Pepsi released an advertisement on Wednesday featuring reality personality and top model Kendall Jenner in effort to “project a message of unity peace, and understanding.” Yet in response, social media outrage made it clear that the only thing Pepsi managed to project was an ignorance to the realities of protesting, its purpose, and the obvious fact that the solution to police brutality is not, in fact, a white woman offering a police officer a can of Pepsi.
Pepsi and the rest of the world witnessed 2017 begin with wide-spread protests of the inauguration of President Donald J. Trump and the Woman’s March for women’s rights. Protests in years prior included those in response to injustice involving the deaths of Trayvon Martin, Mike Brown, Alton Sterling, and Philando Castille. These protests occurred to stand in solidarity and in action against police brutality, racial profiling, prejudice, and injustice. It goes without saying that an up-beat advertisement featuring a Victoria’s Secret model to sell a product was not well received by the public.
The advertisement dominated conversation with memes, criticisms of the brand, Kendall Jenner, and thoughts about social justice and activism. Pepsi had no option but to remove the video from YouTube where it was originally posted and release a statement to appease the mass angst on social media and uproar of memes galore.
As far as crisis communication strategy goes, Pepsi did a good job of cutting out before it truly got ugly. Although they initially supported their advertisement and refused to stand down, they ultimately came to the conclusion that this faux pas was going to sit in the closet next to the memory of the Michael Jackson Pepsi commercial fire.
And while the statement that was released addressed a sincere apology for the poorly developed concept in the advertisement, it also contained an apology to Kendall Jenner that some were less than pleased about.
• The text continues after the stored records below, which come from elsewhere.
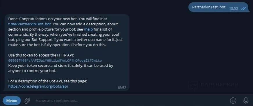 Далее необходимо обратиться к официальному боту Телеграма, через который происходит регистрация всех сторонних пользовательских ботов — BotFather . Это необходимо для получения специального API токена, который нужен для дальнейшей работы.
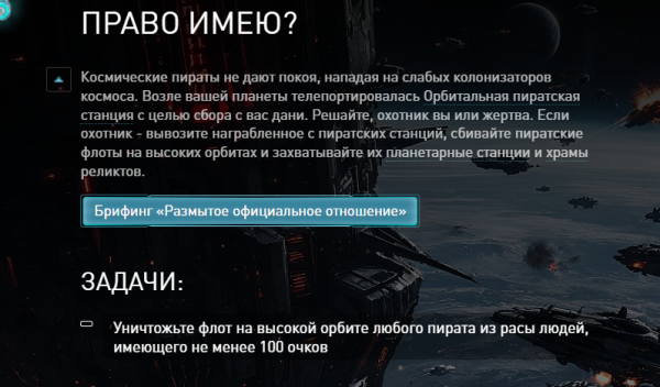 Довольно продолжительное время висит миссия 6 за людей, неоднократно убивал пирата 100+ очков, дальше миссия не продвигается.
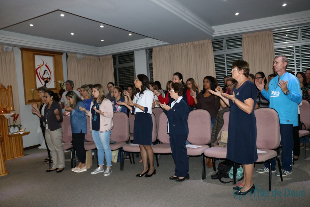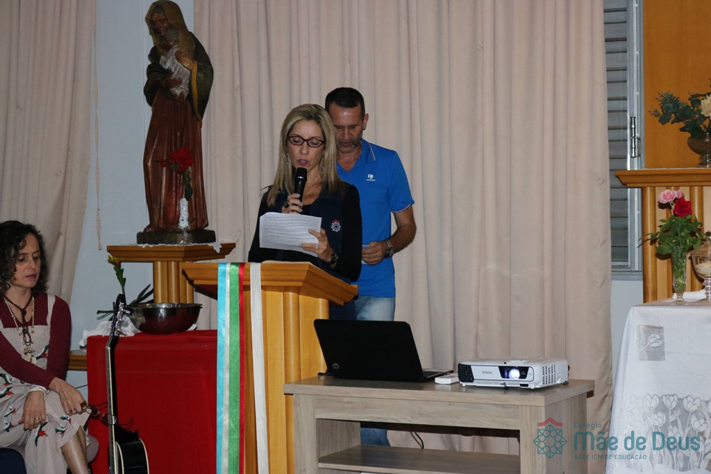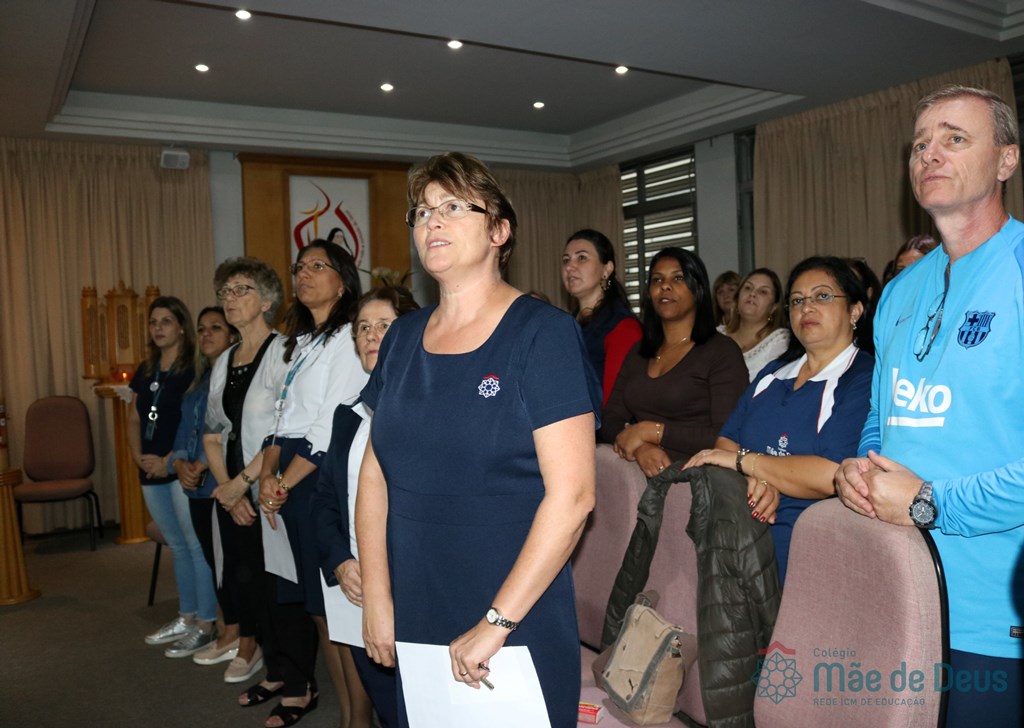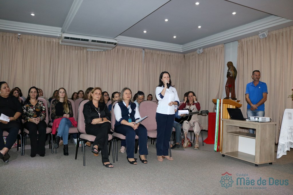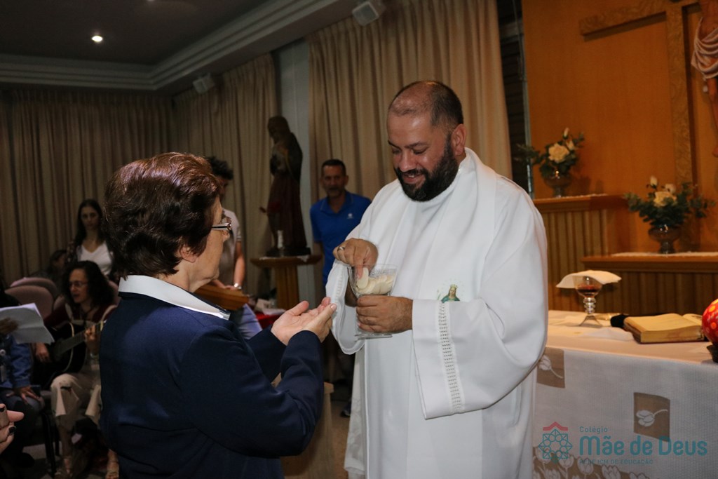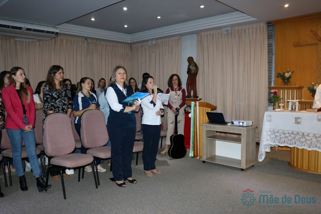 Após a celebração e a palavra da diretora Ir. Sueli Rosane Gonzatti, o grupo confraternizou com comes e bebes e recebeu um pequeno mimo da escola e da AprofuMD (Associação de Professores e Funcionários do Colégio Mãe de Deus).
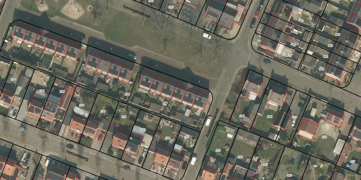 Het perceel waarop Seringenstraat 21 staat heeft een oppervlakte van 2745 m². Dit is een zeer groot perceel. De perceeloppervlakte wordt geregistreerd door het Kadaster. Gedetailleerde informatie over de maten van dit perceel kunt u vinden in het rapport Kadastrale kaart met maatvoering van Seringenstraat 21.
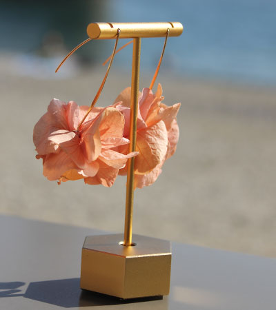 - Composition : fleurs d’hortensia stabilisées Structure en métal (sans nickel) doré à l’or fin (18k).
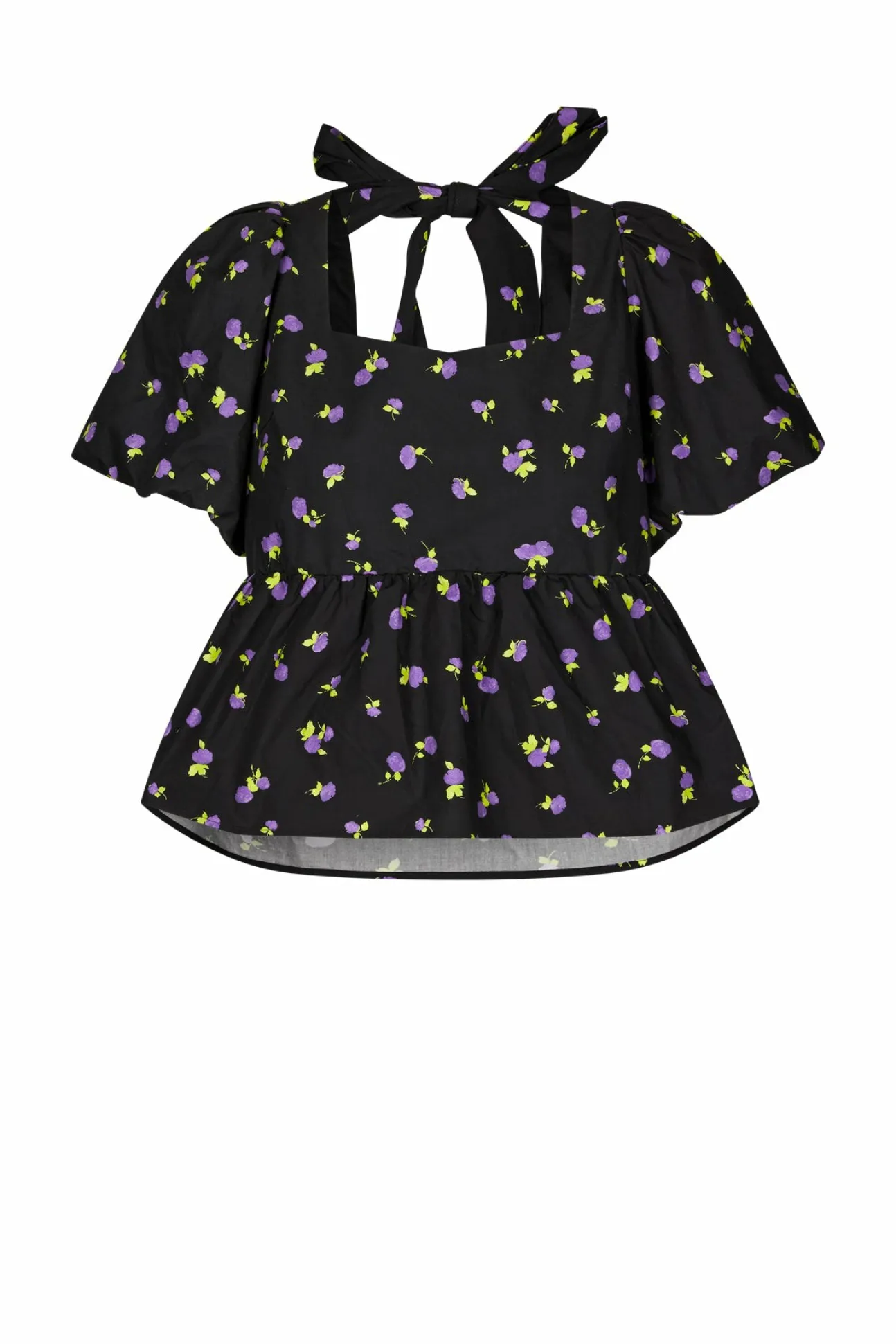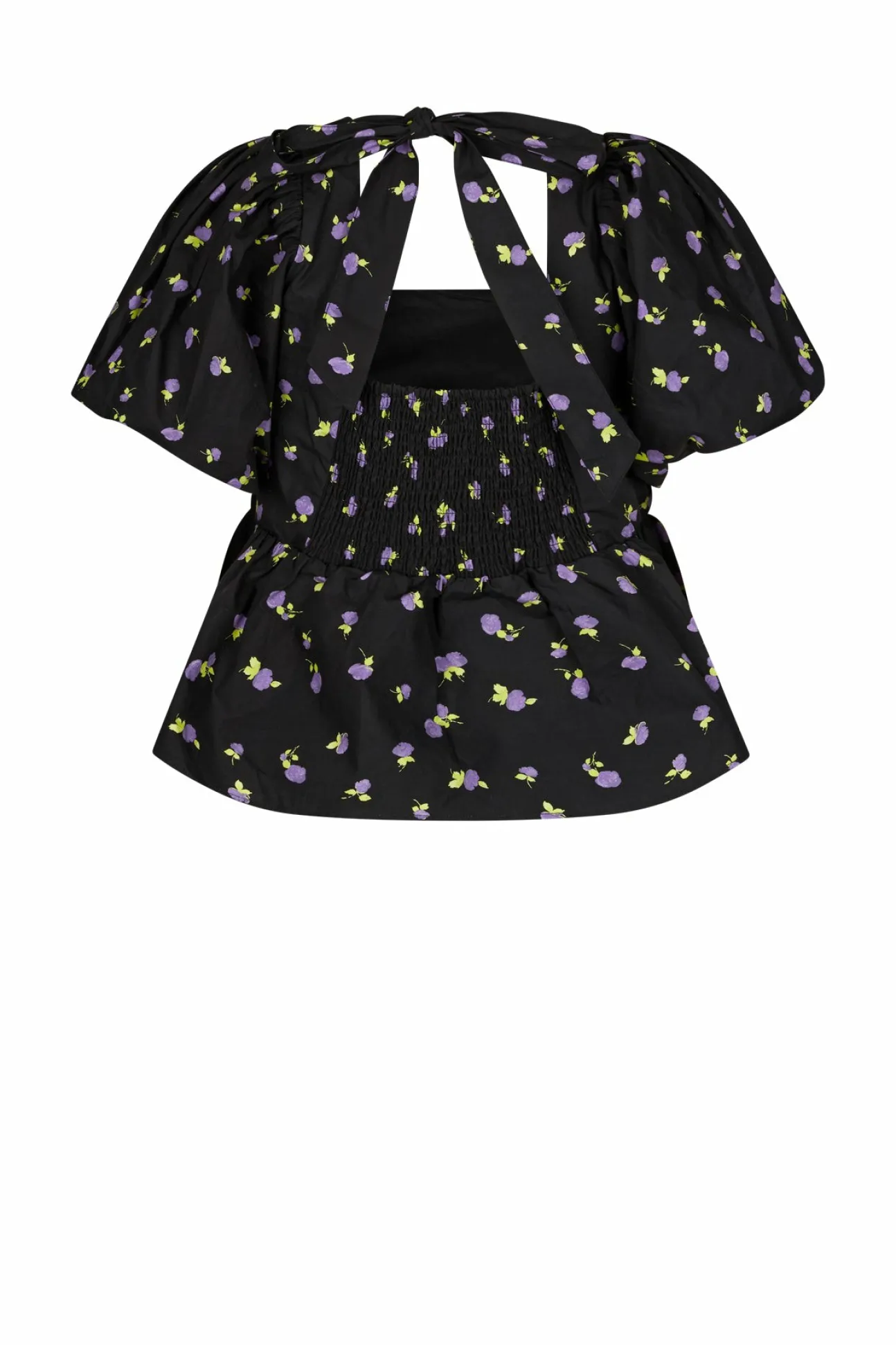 Bluse Med Firkantet Hals I Crisp Materiale Med Pufærmer, Elastisk Linning Og Vidde Forneden. Smockdetalje Og Bindelukning Bagpå. Fremstillet Af 100% Økologisk Bomuld.
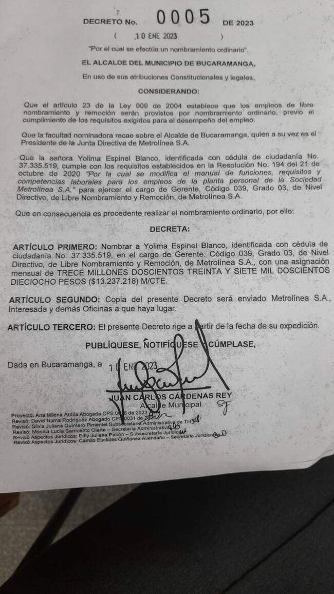 Yolima Espinel Blanco es la nueva gerente del Metrolinea, según el decreto 0005 del presente año firmado hoypor el alcalde de Bucaramanga, Juan Carlos Cárdenas en donde la nombra en este cargo.
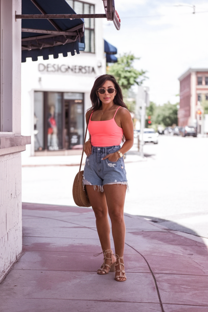 Adopting the audacious spirit of the 90s, this ensemble features an eye-catching cropped tank and is notably combined with frayed denim cutoffs giving a lively summer look. The neon colored tank top is a perfect example of the contemporary idea mixed with an old-fashioned / vintage / retro paradigm, for those who are into experiencing and wearing distinctive items.
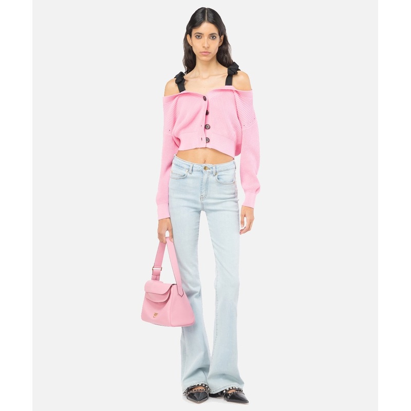 Five-pocket flare-fit jeans in baby blue stretch denim, light bleached wash. Regular waist with belt loops, matching belt in the same fabric with mini Love Birds Diamond Cut buckle and fitted leg, flared at the bottom. Zip and metal tack button closure.
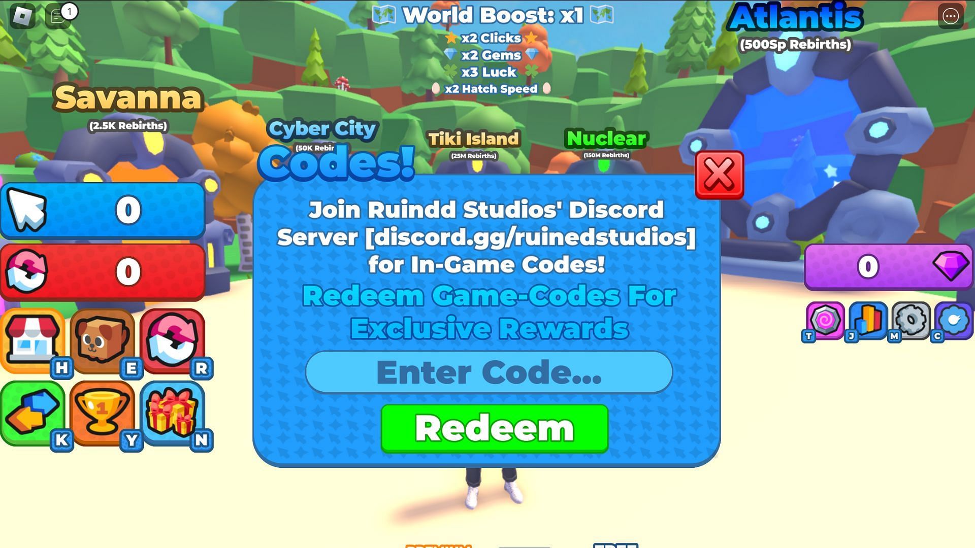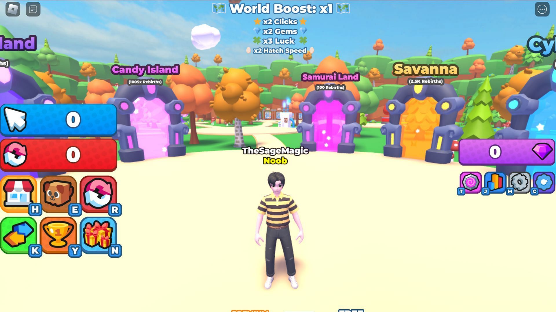 You get a few potions and other important in-game items with the codes. Potions can briefly increase your tap earnings, gem collection, rebirth count, and luck. Clicks can buy pets and add them to your collection. Gems, on the other hand, can be used to buy various upgrades like inventory storage, walkspeed, and a few others. With a higher rebirth count, you can enter other worlds in the game, like Samurai Land, Atlantis, Magic, etc.

Rather than using space to apologize to Kendall publically, Pepsi should have addressed the key publics that lead the opposition against this advertisement: minorities.
Key lessons to be learned from Pepsi’s mistakes:
1) REQUIRE diversity in advertising firms
2) Conduct thorough research before seeking to mold a political issue into a profitable theme
3) Do more than apologize – understand who you are apologizing to!